The antidote, Wilkerson insists, is momentum—built by ruthless focus. No side projects, even as a decade's file of wild ideas (like a GitHub-commit-based RPG) tempts him. Chasing "new project energy" rebuilds excitement at the cost of reaccelerating the "mass" of existing code, often spiraling into rewrites. While rewrites hone design taste—say, iterating a JSON parser in Clojure—they sabotage shipping. Instead, embrace the janky: tolerate flaws to let users engage. For open-source sustainability, this extends to community. Wilkerson admits his aversion to reading code, a "lossy encoding" of broader plans riddled with incidental complexity. Yet, by treating tickets as design docs—detailing why, how, and what—contributors align without surprise.

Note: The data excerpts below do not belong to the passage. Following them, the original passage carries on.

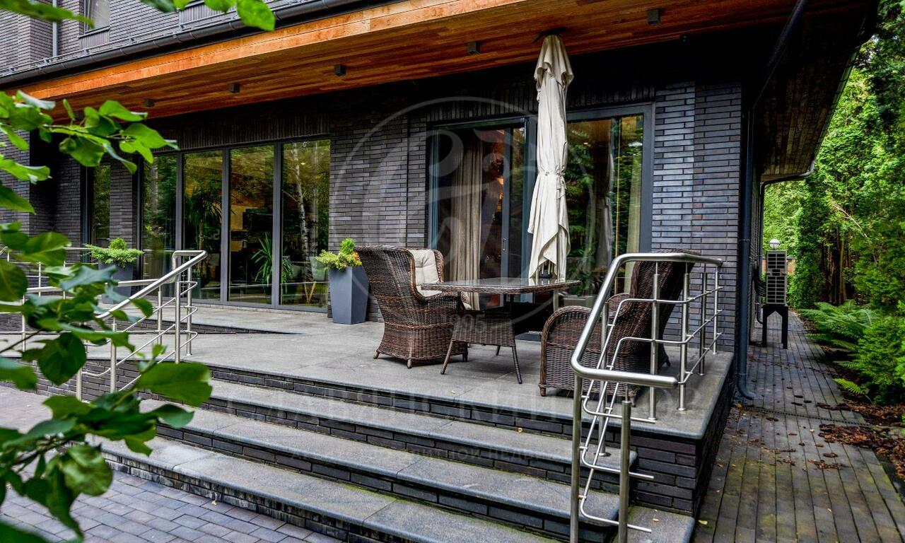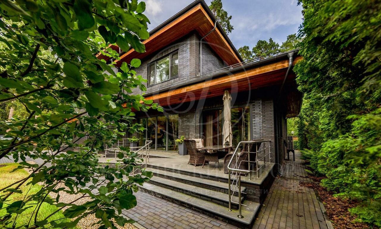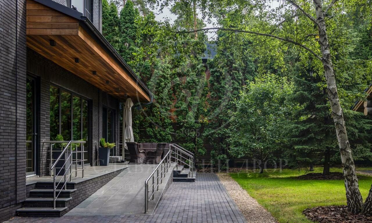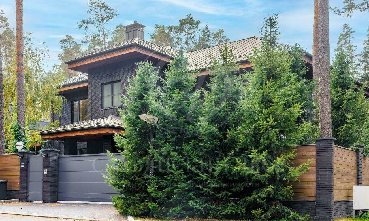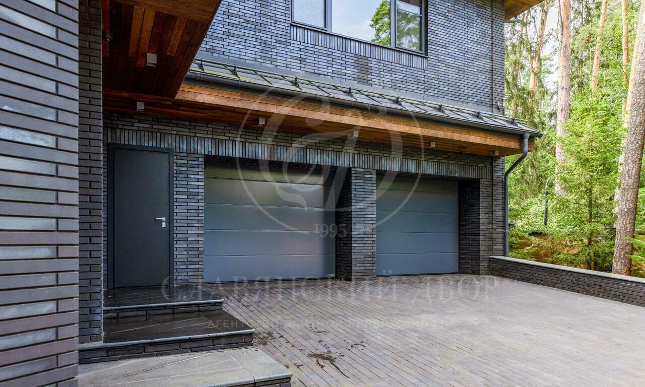 На продажу предлагается двухэтажный загородный дом в современном стиле площадью 440 кв и отдельный СПА-блок расположены на лесном участке 16 соток. Фасад главного дома облицован серо-синим клинкером.
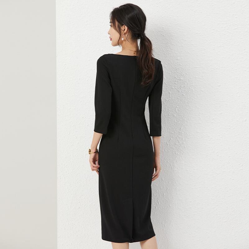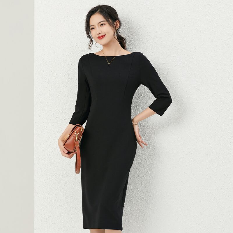 ワンピース ミディアム丈ワンピース ミディアム丈 7分袖 バックスリット かわいい 大人可愛い きれいめ シンプル カジュアル 上品 おしゃれ かっこいい 大人女子 こなれ感 個性的 きちんと 主役級 存在感 キュート クール ナチュラル ベーシック 無地 黒 ブラック オールシーズン レディース 女性用 ママ マタニティOL 通勤 学生 通学 デート お出かけ お泊まり イベント 女子会 休日 カフェ ショッピング 旅行 リゾート コンパ レストラン レイヤード 重ね着 普段使い 着回しS M L XL
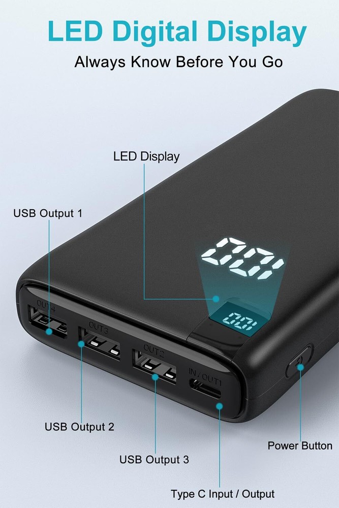 Power Bank 26800mAh Portable Charger, High Capacity Phone Charger Compact External Battery Pack with LED Display and 4 Fast Charging Outputs for Cellphone Tablet 26800mAh Huge Capacity: 26800mAh power bank can charge most phones for 8-10 times and other USB devices multiple times for an average of 9 days of unrestrained usage per charge, and no need to worry about losing contact with anyone due to out of power. 4 Outputs & 2.5X Fast Charge: It can charge 4 devices simultaneously and you can share it with your family and friends. 3.0A fast charging speed ensures 2.5 times faster than ordinary power bank, greatly shortens charging time for your phones. Fashionable LED Digital Display: This unique portable charger features an excellent LED indicator, percentage-based readout shows you the precise remaining power. No more guessing about the remaining power and when to recharge. Know before you go! Portable Power Bank: With exquisite and grippy design, this charger is easy to hold, convenient to toss into pocket or bag and incredibly portable. Perfect partner for party, dating, long distance, business and airplane trip. Superior Safety: The built-in smart circuitry ensures protection against overcharging, short-circuiting and discharging thus protect your devices. You can charge your devices safely. Shipping We offer FREE shipping on all orders! We ship within Three business days of payment, usually sooner. We use a selection of shipping services such as UPS, FedEx, USPS etc. We only ship to the lower 48 states, no APO/FPO addresses or PO Boxes allowed. Local pickups and combined shipping options are not provided at this time. Return You can return a product for up to 30 days from the date you purchased it. Any product you return must be in the same condition you received it and in the original packaging. Please keep the receipt. Payment We accept payment by any of the following methods: PayPal Please pay as soon as possible after winning an auction, as that will allow us to post your item to you sooner! Feedback Customer satisfaction is very important to us. If you have any problem with your order, please contact us and we will do our best to make you satisfied. Contact Us If you have any queries, please contact us via ebay. We usually respond within 24 hours on weekdays. Please visit our eBay store to check out other items for sale! Thank you for shopping at our store.
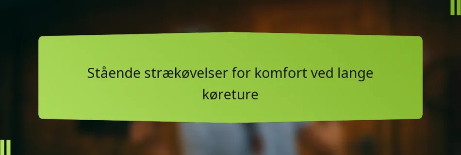 Stående strækøvelser for komfort under lange køreture er essentielle bevægelser, der forbedrer fleksibilitet og lindrer muskelspændinger. Ved at inkorporere disse stræk før og efter kørsel kan du forbedre cirkulationen og forhindre stivhed, hvilket sikrer en mere behagelig rejseoplevelse. Key sections in the article: Toggle Hvad er stående strækøvelser for komfort under lange køreture? Definition og …
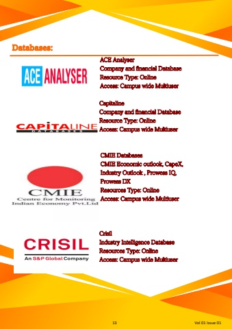 13 Vol 01 Issue 01 Databases: ACE Analyser Company and financial Database Resource Type: Online Access: Campus wide Multiuser Capitaline Company and financial Database Resource Type: Online Access: Campus wide Multiuser CMIE Databases CMIE Economic outlook, CapeX, Industry Outlook , Prowess IQ, Prowess DX Resources Type: Online Access: Campus wide Multiuser Crisil Industry Intelligence Database Resources Type: Online Access: Campus wide Multiuser
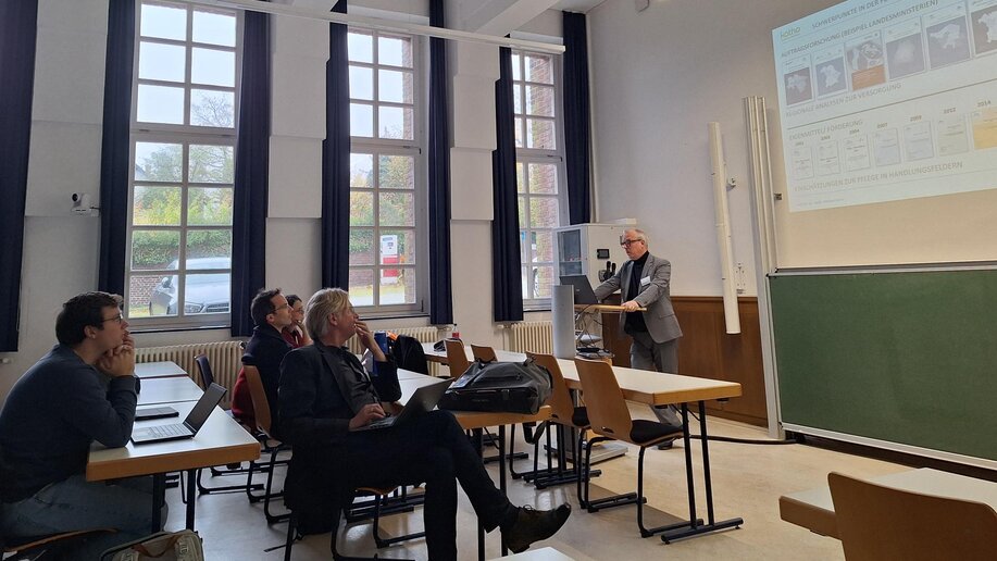 In den nun folgenden Forschungspanels gaben Monika Laumann, Prof. Dr. Friedrich Dieckmann, Franziska Sawitzki, Nadine Rosenfelder, Prof. Dr. Sebastian Wen, Prof. Dr. Andreas Henkelmann Prof. Dr. Werner Schönig, Prof. Dr. Marc Breuer, Prof. Dr. Johannes Krell und Prof.in Dr.in Agnes Blome einen Einblick in ihre laufenden Forschungsprojekte.
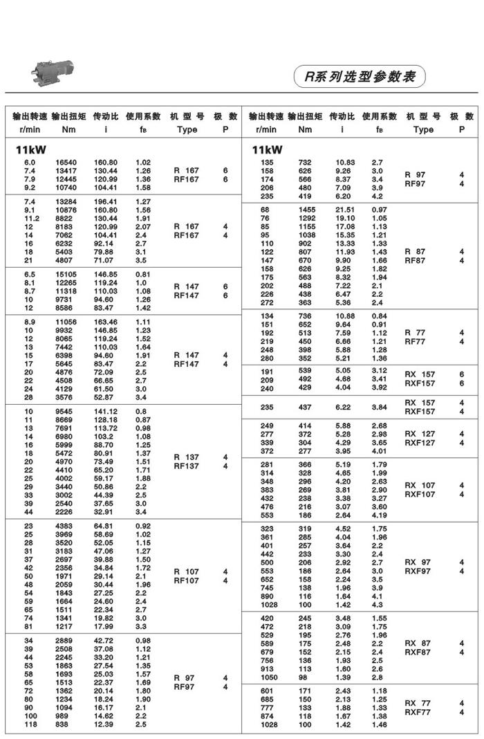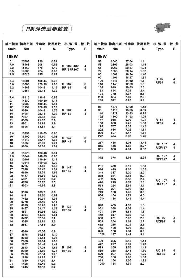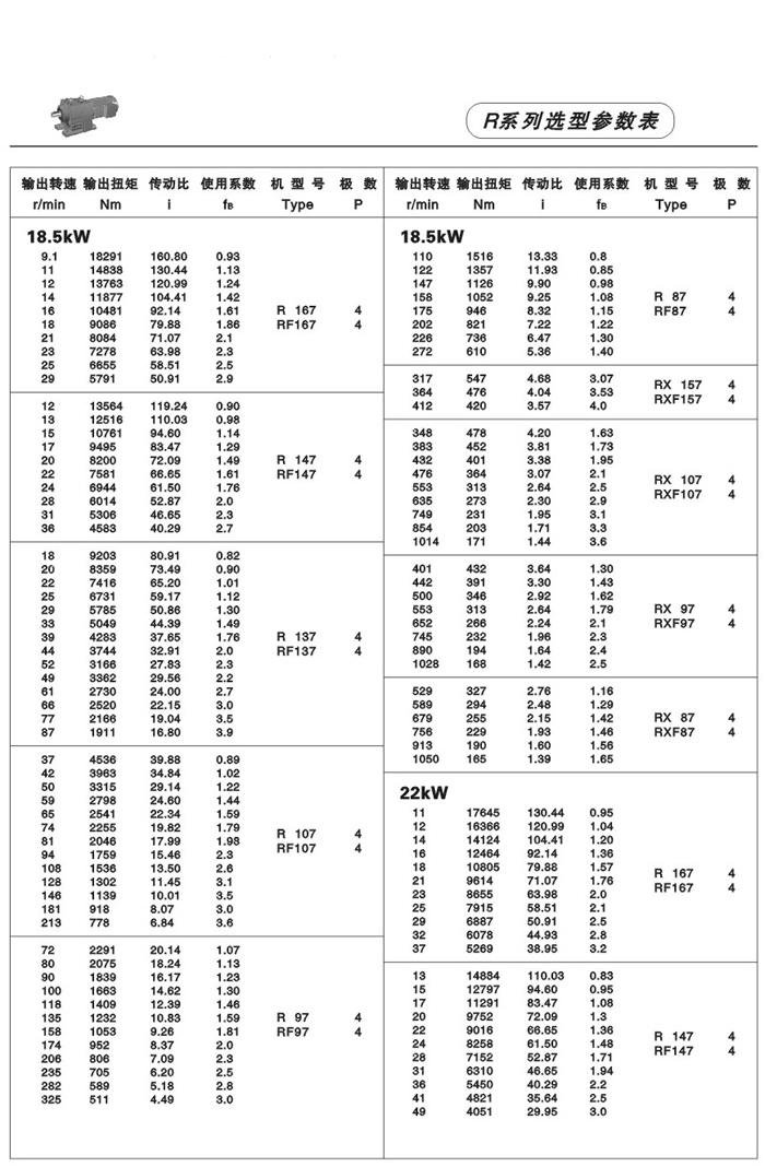 性能、特點: R系列斜齒輪減速機,結合國際技術要求制造,具有很高的科技含量,節省空間,可靠耐用,承受過載能b高,功率可達132Kw,能耗低,性能優越,減速機效率高達95%以上,振動小,噪音低,節能高,選用優質鍛鋼材料,鋼性鑄鐵箱體,齒輪表面經過滲碳淬火,經過精密加工,確保軸平衡度和定位軸承要求,形成齒輪轉動總成的減速機,配合各類電機組成機電一體化,完全保證了產品的質量。
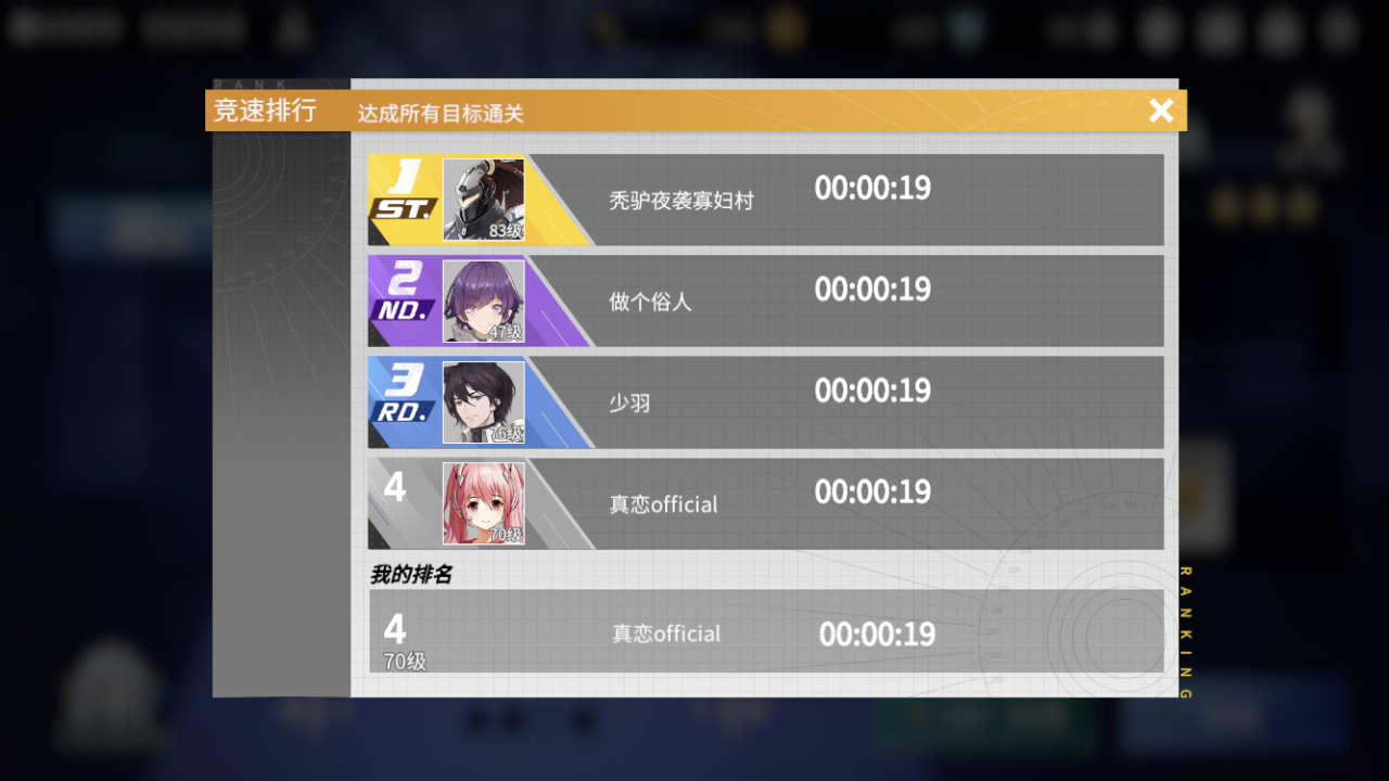 现在小编绯色心的困难结果是22秒通关,排在本区第3。但是前三都在22秒也没有什么争得的意义了。
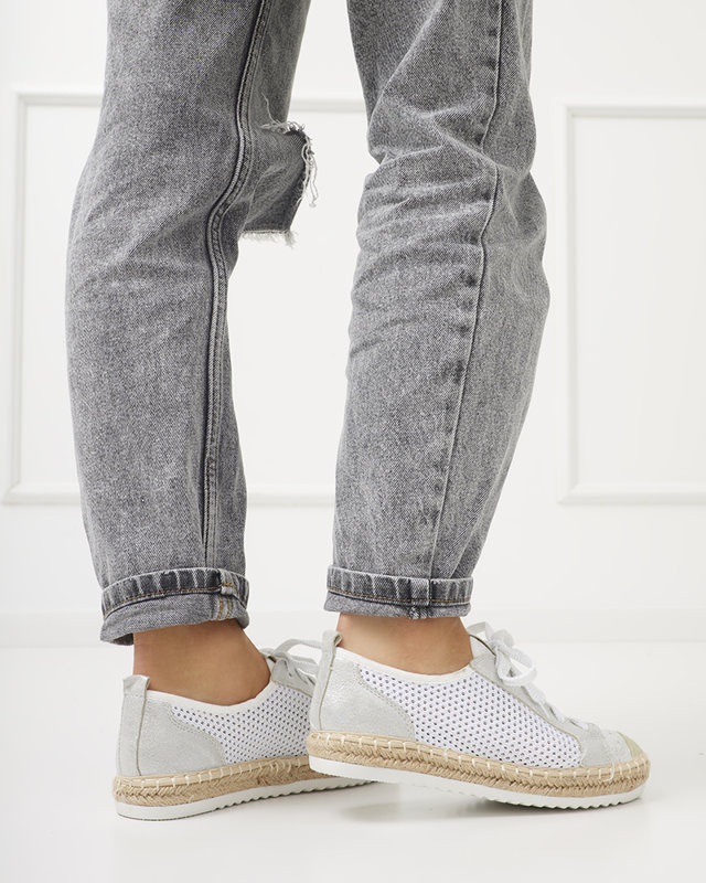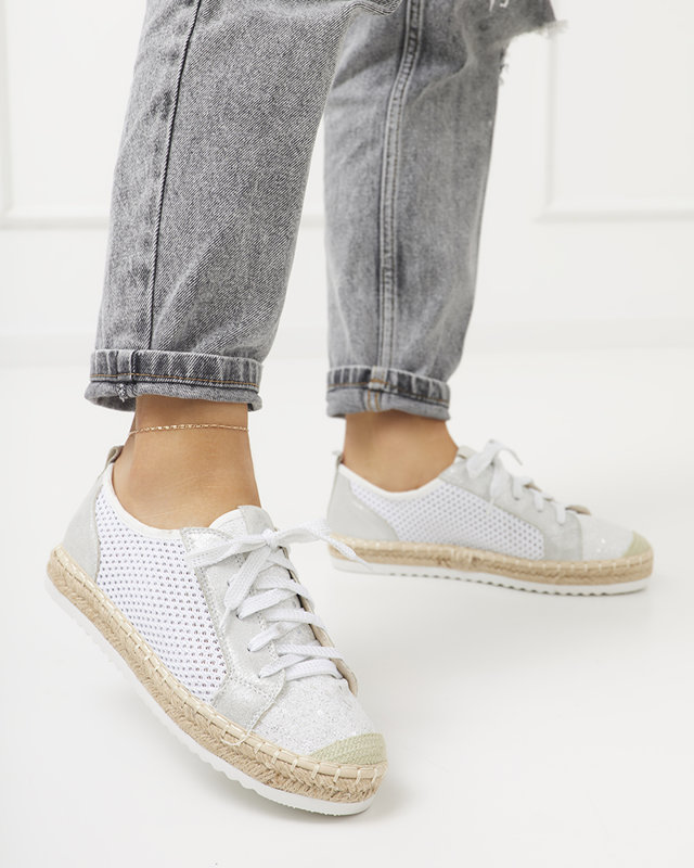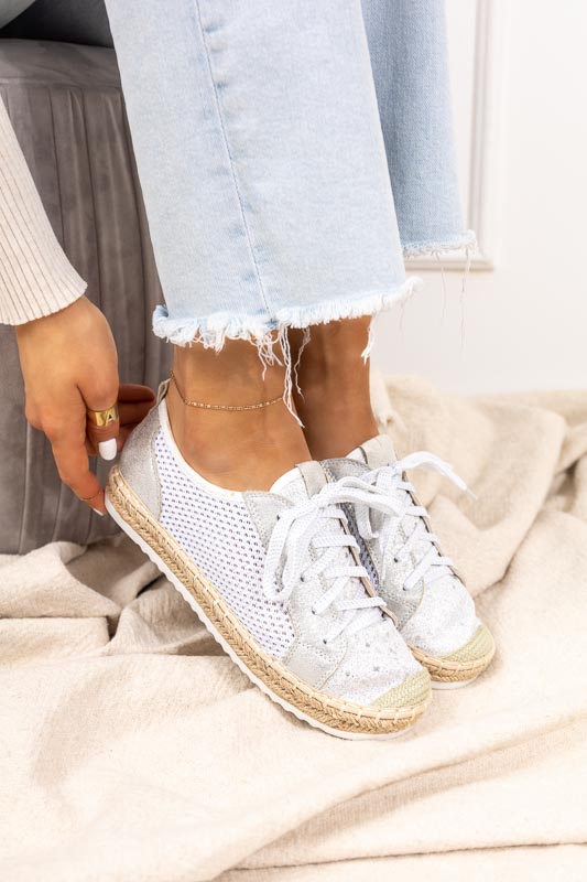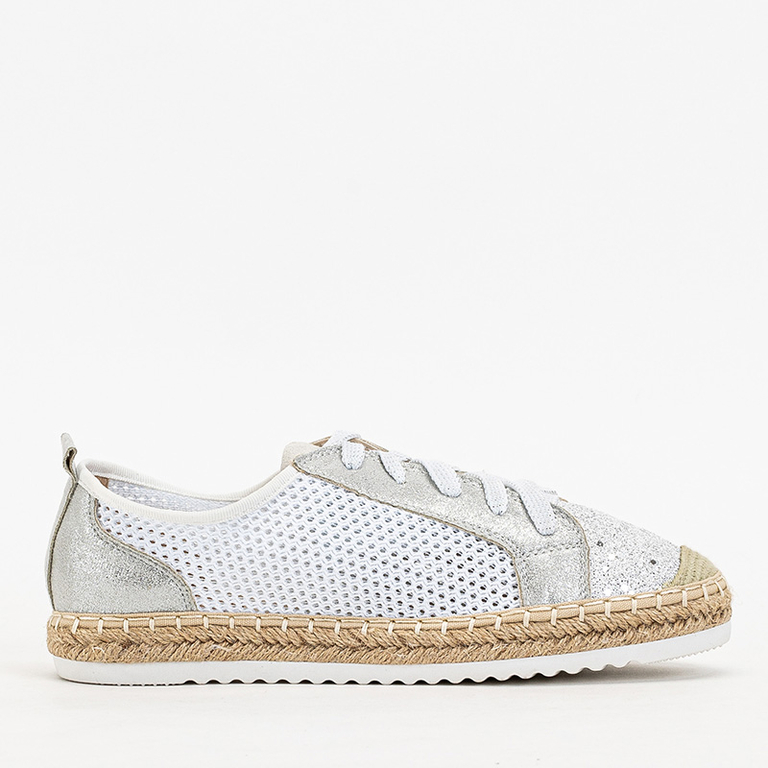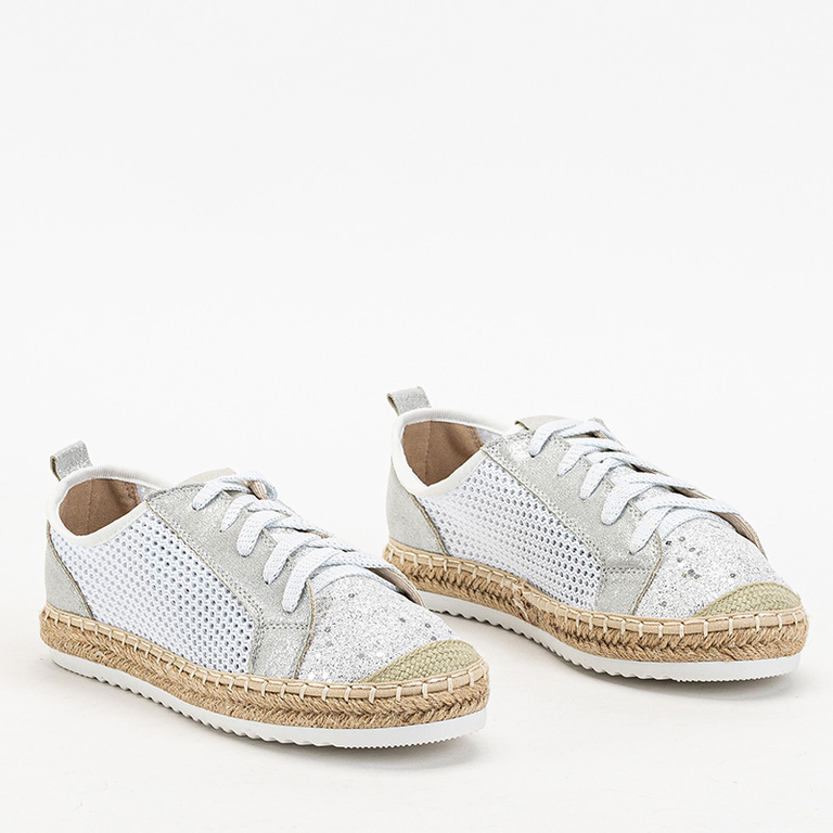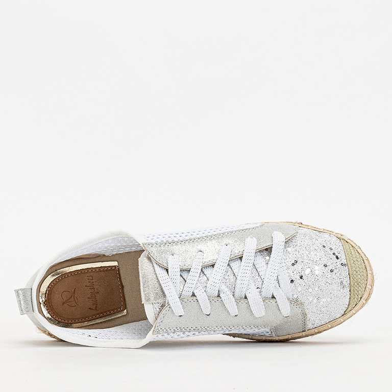 Tenisi albi Akoio ajurati cu sclipici - Pantofi

History offers a mirror. In a talk laced with cultural critique, Wilkerson cites Legend, Myth, and Magic in the Image of the Artist, tracing 2,500 years from anonymous Greek pottery to Romantic-era solo geniuses like tortured Kafka, whose dream of literary devotion clashed with marital ideals, yielding only disappointment. Modern open source, he says, romanticizes lone creators but thrives on workshops: apprentices grinding basics, assistants painting under expert eyes. For jank, this meant encouraging issue-raisers with specifics—"Jump to this function"—sparking pull requests, like one contributor's Nix shell upgrade leading to packaging pursuits.
Prioritization anchors it all. Aligned with goals, daunting feats like unprecedented Lisp-C++ interop fracture into bites: include headers, test, commit, exhale. Dreams set direction—zoom out to the forest—but stay grounded; unchecked, they satiate like shared boasts or detach into impossibilities. Enthusiasm, a depletable fuel per recent talks, demands easy days: Fridays for cathartic cleanups of nagging debt. In closing, Wilkerson channels Thoreau: Build air castles, then found them solidly. For developers adrift in jank, this philosophy isn't just survival—it's a blueprint for flourishing amid the mess.